POSSIBLE CONSEQUENCE: Employees will react favorably to seeing survey results at the level of their immediate supervisors.

PROBABLE CAUSE: Employees may have had positive experiences with supervisors who shared survey data with them before.

RECOMMENDED ACTION: In a census survey, generate and distribute survey results to the supervisor level.

 

These rule, or knowledge, structures can be accumulated and organized in large data bases and made as general or specific as one likes. They can be tailored to specific companies, or divisions within companies. They can be adapted for various skill groups, product lines, and economic cycles. They can be based on research and empirical evidence, or on the folksy, yet enlightened, anecdotes of experienced practitioners.

ADVANCES IN DESKTOP COMPUTING

The second thing which makes it possible to apply principles of artificial intelligence to employee surveys is progress in desktop computing. On the hardware side, processor speed, system memory, storage media (now measured in multiple gigabytes), and low-cost commodity prices bring the computational burden within the reach of any company.

Recent advances in relational data base management systems round out the software half of the equation. These low-cost desktop software tools make it easier for companies and professional consulting organizations to:

Generate data bases of survey data, item banks, knowledge structures, and professional experiences;
Coordinate data collection and survey administration;
Interrelate all of the relevant data; and
Generate graphical and narrative reports on paper or electronic or magnetic media.
Desktop relational data base management systems do not only handle the numbers and percents of employee surveys, the text of employee comments, and the compilation of item banks and rule structures. They can also handle infinitely large text images like magazine articles and book chapters, graphical images like pictures and charts, and full motion audiovisual images like those on movies and videotape.
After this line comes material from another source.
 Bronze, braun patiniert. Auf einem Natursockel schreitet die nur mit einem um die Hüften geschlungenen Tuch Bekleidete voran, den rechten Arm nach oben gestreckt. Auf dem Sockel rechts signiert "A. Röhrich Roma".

A manager can view employee survey results, interactively, from a diskette or CD-ROM provided by the survey processing program. The manager will not only see what the problems are and how to fix them, but could also be offered the option of reading an article or book excerpt tailored to problems manifested in the manager's survey data. The manager could also be given the option of viewing a short film or interactive video tutorial to hone skills for the impending survey feedback meeting. Relational data base management systems can now integrate all these data and image forms.

Expert system applications for employee opinion surveys are not dreams for a distant future in survey technology, awaiting future advances in hardware and software, and eventually lower costs for data processing. The technology and cost reductions have arrived.
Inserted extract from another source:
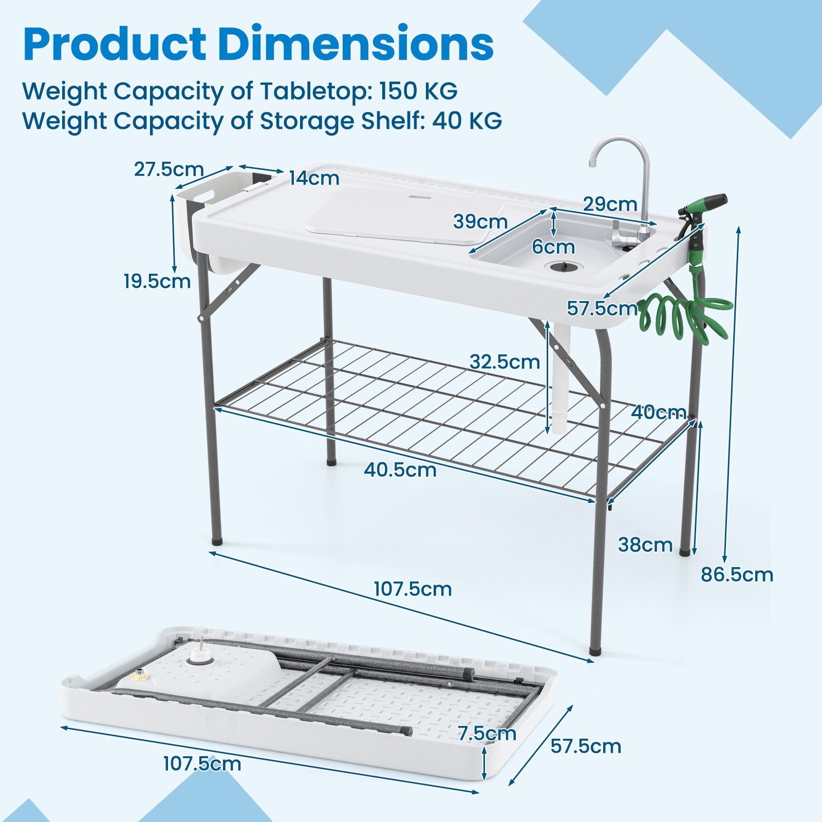 2 in 1 Foldable Fish Cleaning Table Outdoor Workstation w/ Sink Picnic Table

The knowledge base is also here, but it awaits our inventiveness in organizing and structuring it. Research and experience have accumulated over the past 60 years covering such concepts as: job satisfaction, the consequences of having too little work to do, why some employees intend to leave their jobs, the consequences of a distrusted management, what happens when you improve hygiene factors. Some of these issues may be addressed with precise results from replicated studies, while others yield to the intuition of skilled practitioners.
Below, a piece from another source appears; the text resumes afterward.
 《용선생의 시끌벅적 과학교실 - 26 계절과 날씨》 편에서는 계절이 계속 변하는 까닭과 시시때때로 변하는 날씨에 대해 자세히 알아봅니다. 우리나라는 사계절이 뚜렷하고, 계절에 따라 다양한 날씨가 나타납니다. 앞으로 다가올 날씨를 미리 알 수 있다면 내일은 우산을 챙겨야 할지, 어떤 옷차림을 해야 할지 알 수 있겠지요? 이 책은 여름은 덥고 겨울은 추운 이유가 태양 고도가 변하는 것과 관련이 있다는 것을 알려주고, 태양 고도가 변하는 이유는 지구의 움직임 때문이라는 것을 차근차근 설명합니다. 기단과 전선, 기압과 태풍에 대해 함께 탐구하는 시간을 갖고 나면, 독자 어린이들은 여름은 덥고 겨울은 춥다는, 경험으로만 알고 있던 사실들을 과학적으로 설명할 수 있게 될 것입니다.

Beyond the meaning of results, anyone who has had significant experience with full-scale employee surveys understands that to have a survey energize an organization several things must come together at the same time. Top management must insist on accountability for the results. Middle management must be prepared to carry out a serious auditing role. Supervisors must have effective communications and interpersonal skills. The knowledge bases for how to tune these conditions, although not as widely known, also exist and can be integrated into an expert system for employee surveys.

Finally, the integration of existing technology with existing knowledge bases will benefit consumers of employee opinion surveys. The benefits will be faster service, lower prices, higher quality, and a greater value-add in the management of employee relations and achieving business objectives.